(SUPPLIED MATERIAL)
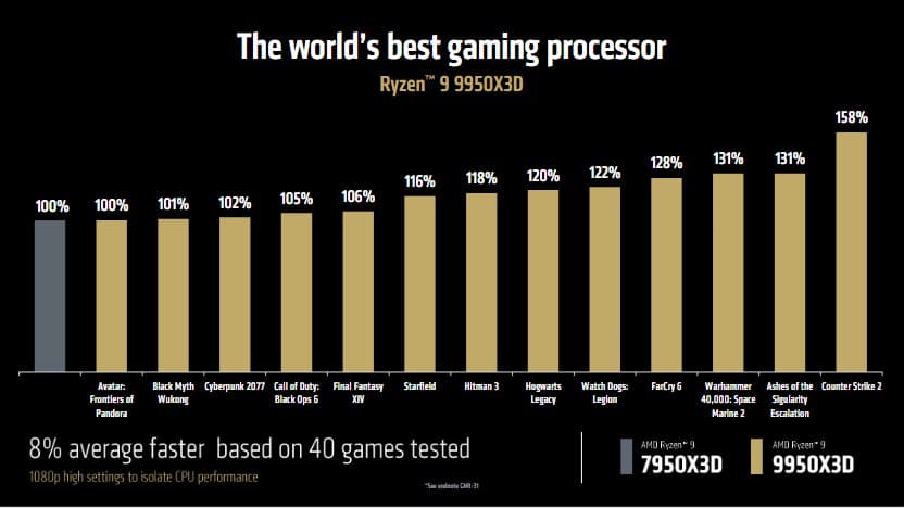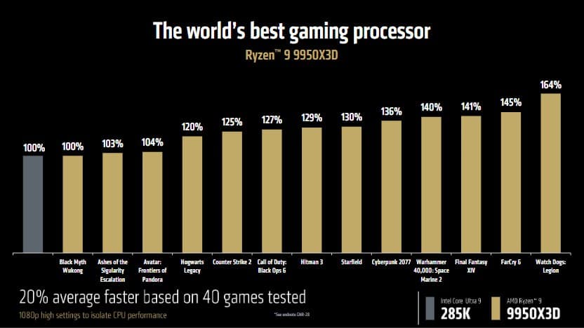 Флагман линейки, Ryzen 9 9950X3D, имеет 16 ядер, 32 потока и частоту до 5.7 ГГц. AMD заявляет, что новинка на 8% производительнее предыдущей модели 7950X3D в играх и на 13% в рабочих приложениях. Более того, этот процессор обходит новейший «синий» флагман Intel Core Ultra 9 285K в играх в среднем на 20%, а в некоторых тайтлах — до 64%.
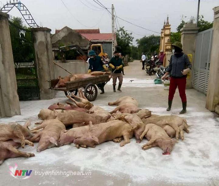 | Tiêu huỷ lợn nhiễm bệnh. |
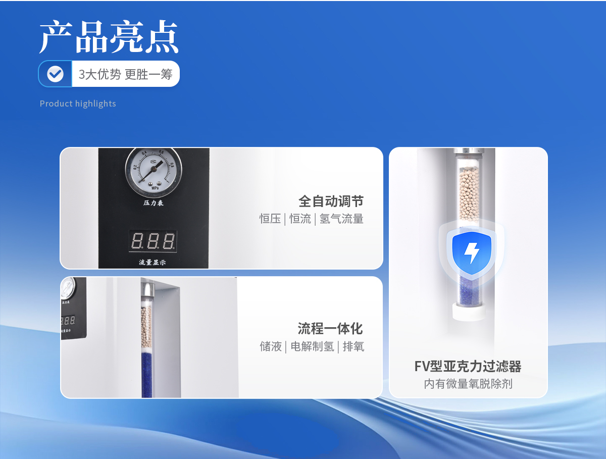 | 1、壓力、流量自動顯示,自動恒壓、恒流、氫氣流量可根據(jù)用量實現(xiàn)全自動調(diào)節(jié)。 | 2、FV型亞克力過濾器,內(nèi)有微量氧脫除劑(不需要活化),氫氣純度更高;儀器內(nèi)部采用硅橡膠圈(含硫量低),有效提高氣體質(zhì)量,保證色譜基線平穩(wěn)。 | 3、儲液、電解制氫、排氧一體化,池溫低,壽命長久。 | 4、配有安全裝置,靈敏可靠,自動防返堿。 |
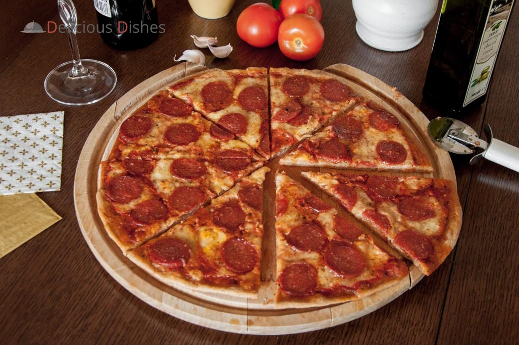 Пицца с моцареллой, томатным соусом и острой колбасой Пепперони.
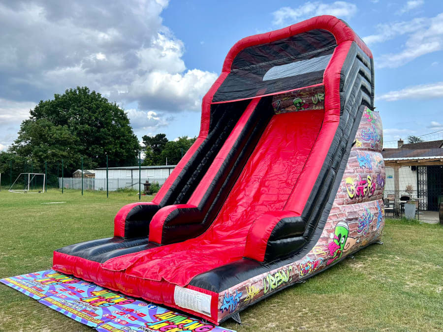Reserve the Graffiti inflatable slide bouncy slide today to secure your date. Fast delivery and professional setup across Carlisle, Brampton, Hexham, Penrith and nearby towns. Contact us now to check availability, confirm pricing and add generator hire if needed. Bring big fun to your next event with trusted bouncy castle hire and inflatable slide hire.
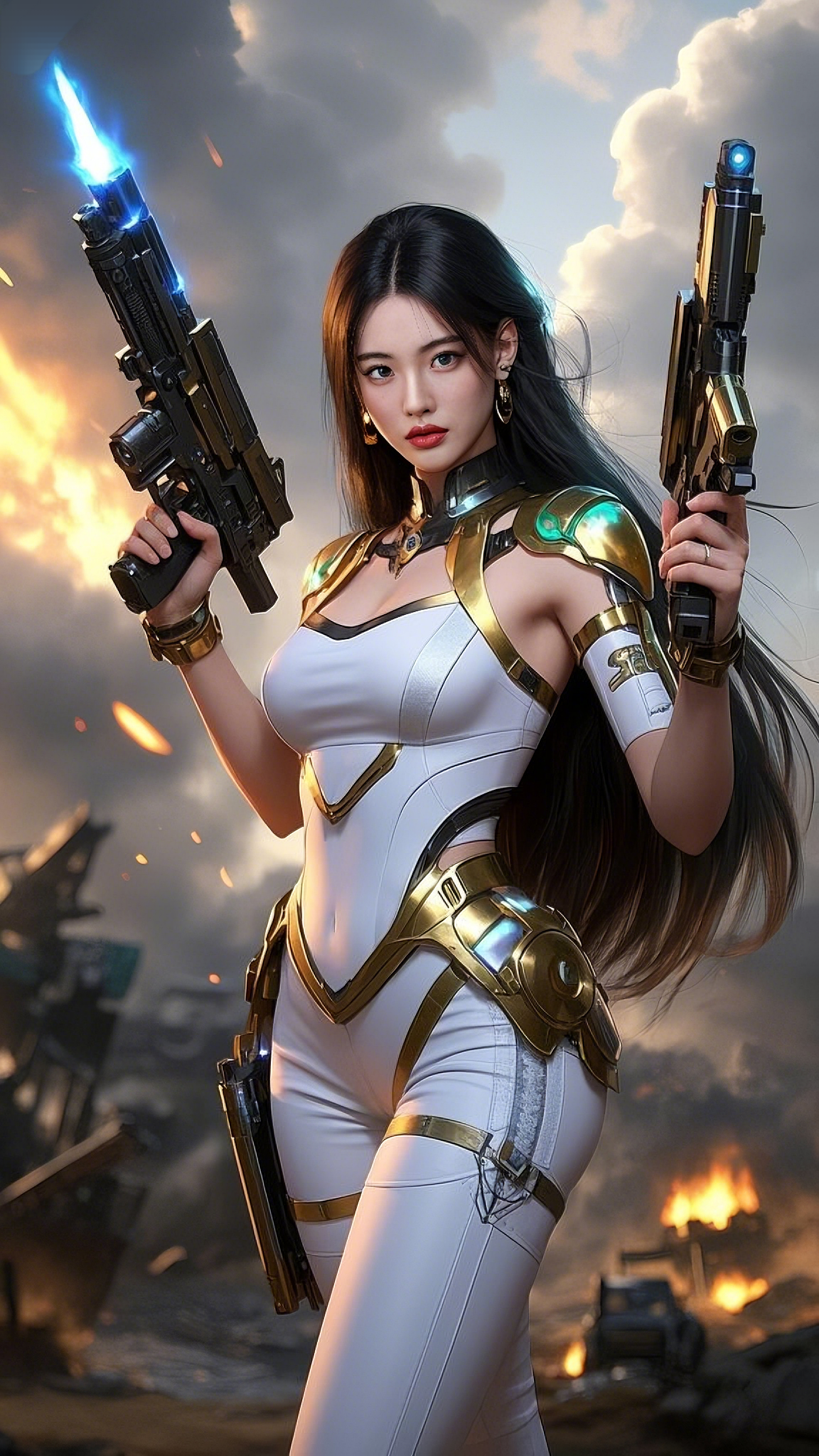 The battlefield roared with fire and fury. Smoke coiled into the sky like a serpent, curling around the dying light of the sun. The air was thick with the acrid scent of burning metal and scorched earth, mingled with the distant screams of soldiers and the relentless echo of gunfire. Amidst the destruction, she stood—a goddess of war, wielding weapons of the future, her presence commanding the chaos around her.
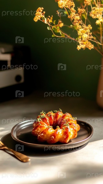 Изысканный десерт, покрытый карамелью, украшенный зеленью на черной керамической тарелке. Минималистский стиль еды с мягким светом и золотистыми сухоцветами
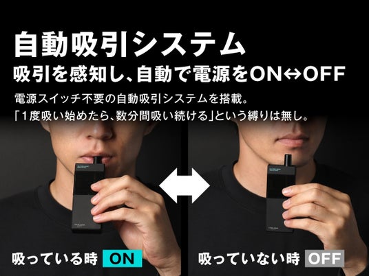 4. 自動吸引システムで吸引を感知し、自動で電源をON・OFF切替。『吸い始めるまでの待ち時間ゼロ・止めたい時に止められる』
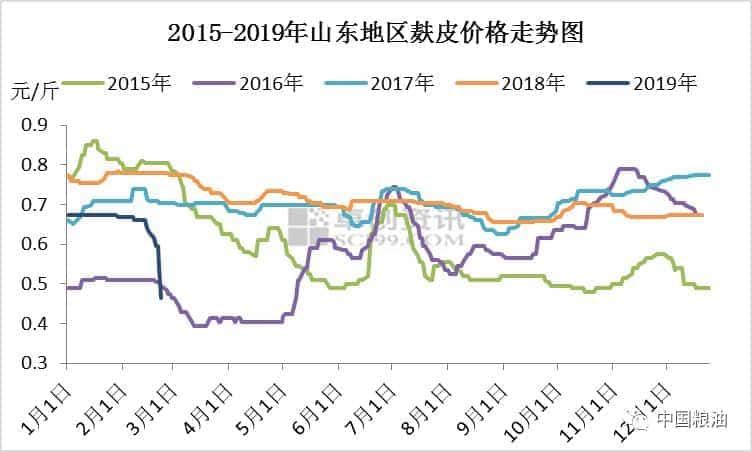 我們通過近6年山東地區麩皮價格走勢圖可以看出,目前麩皮價格已經逐漸向2016年的最低價格靠近。2016年市場最低價在3月中旬的0.39元/斤,目前的價格只有很短的距離,那么后期麩皮價格仍將維持急速下跌還是會趨穩,是否存在反彈的機會,我們對后期市場展開分析。
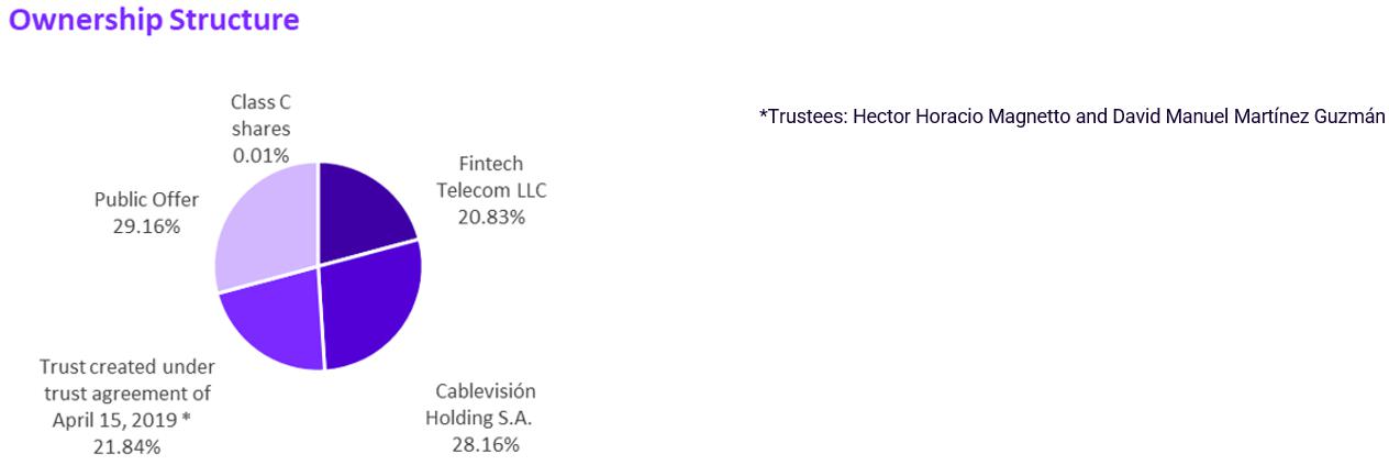 本文件可能包含可能构成前瞻性陈述的陈述,包括但不限于(i)公司对其未来业绩、收入、收入、每股收益、资本支出、股息、流动性和资本结构的预期;(ii)公司与Cablevisi ó n S.A.合并(或合并)预期产生的持续协同效应;(iii)公司业务战略的实施;(iv)阿根廷、巴拉圭电信和电缆市场的动态变化和增长,乌拉圭和美国;(v)公司对新技术和增强技术的展望;(vi)在竞争环境中运营的影响;(vii)行业状况;(viii)某些法律诉讼的结果;以及(ix)监管和法律发展。前瞻性陈述可以通过“预期”、“相信”、“估计”、“预期”、“打算”、“计划”、“项目”、“将”、“可能”和“应该”等词语或其他类似表达方式来识别。前瞻性陈述并非对未来业绩的保证,涉及某些难以预测的风险和不确定性。此外,某些前瞻性陈述是基于对未来事件的假设,而这些假设可能不会被证明是准确的。许多因素可能导致公司的实际结果、业绩或成就与前瞻性陈述可能明示或暗示的任何未来结果、业绩或成就存在重大差异。这些因素包括(其中包括)(i)公司成功实施我们的业务战略以及实现合并产生的协同效应的能力;(ii)公司推出能够促进业务增长的新产品和服务的能力;(iii)与阿根廷、巴拉圭、乌拉圭和美国的政治和经济状况有关的不确定性,包括阿根廷新政府的政策;(iv)政治事态发展,包括阿根廷新政府的政策,对阿根廷公司证券需求的影响;(v)通货膨胀、比索贬值、阿根廷、巴拉圭和乌拉圭的瓜拉尼和乌拉圭比索及汇率风险;(vi)限制将阿根廷或乌拉圭比索或巴拉圭瓜拉尼兑换成外币并将资金转移到国外的能力;(vii)货币和兑换措施或限制对我们进入国际市场的能力以及我们偿还以美元计价的债务的能力的影响;(viii)我们实际或潜在客户的信誉;(ix)国有化、征用和/或政府增加对公司的干预;(x)技术变革;(xi)法律或监管事项的影响,对当前或未来法规或改革的解释发生变化,以及公司经营所处的法律或监管环境发生变化,包括对公司供应商产生影响的其他司法管辖区(例如美国)的制裁制度等监管发展;(xii)竞争加剧的影响;(xiii)依赖第三方制作的内容;(xiv)增加公司供应的成本;(xv)无法以保持竞争力所需的合理条款为资本支出提供资金;(xvi)波动,无论是季节性的还是因应不利的宏观经济发展,在广告需求方面;(xvii)公司在未来竞争和发展我们业务的能力;(xviii)国家或国际对电信技术转让或使用的限制增加的影响;(xix)新冠疫情爆发对全球经济的影响,特别是对我们经营所在国家的经济的影响,以及对我们的运营和财务业绩的影响。其中许多因素具有宏观经济和监管性质,因此超出了公司管理层的控制范围。如果这些风险或不确定性中的一项或多项成为现实,或基础假设被证明不正确,实际结果可能与本文所述的预期、相信、估计、预期、打算、计划或预测的结果存在重大差异。公司不打算也不承担更新本文件所载前瞻性陈述的任何义务。这些前瞻性陈述是基于一些假设和其他重要因素,这些因素可能导致我们的实际结果、业绩或成就与这些前瞻性陈述明示或暗示的我们未来的结果、业绩或成就存在重大差异。鼓励读者查阅公司关于表格20-F的年度报告和关于表格6-K的定期申报,这些定期向美国证券交易委员会提交或提交, 以及定期向阿根廷证券交易委员会(Comisi ó n Nacional de Valores)和布宜诺斯艾利斯证券交易所(Bolsas y Mercados Argentinos)提交的陈述,以获得有关公司面临的风险和不确定性的进一步信息。
(End SUPPLIED MATERIAL)
Without the pictures, copy the entries from their first line through the line containing "nhiễm bệnh. |", and only those lines.

 Флагман линейки, Ryzen 9 9950X3D, имеет 16 ядер, 32 потока и частоту до 5.7 ГГц. AMD заявляет, что новинка на 8% производительнее предыдущей модели 7950X3D в играх и на 13% в рабочих приложениях. Более того, этот процессор обходит новейший «синий» флагман Intel Core Ultra 9 285K в играх в среднем на 20%, а в некоторых тайтлах — до 64%.
 | Tiêu huỷ lợn nhiễm bệnh. |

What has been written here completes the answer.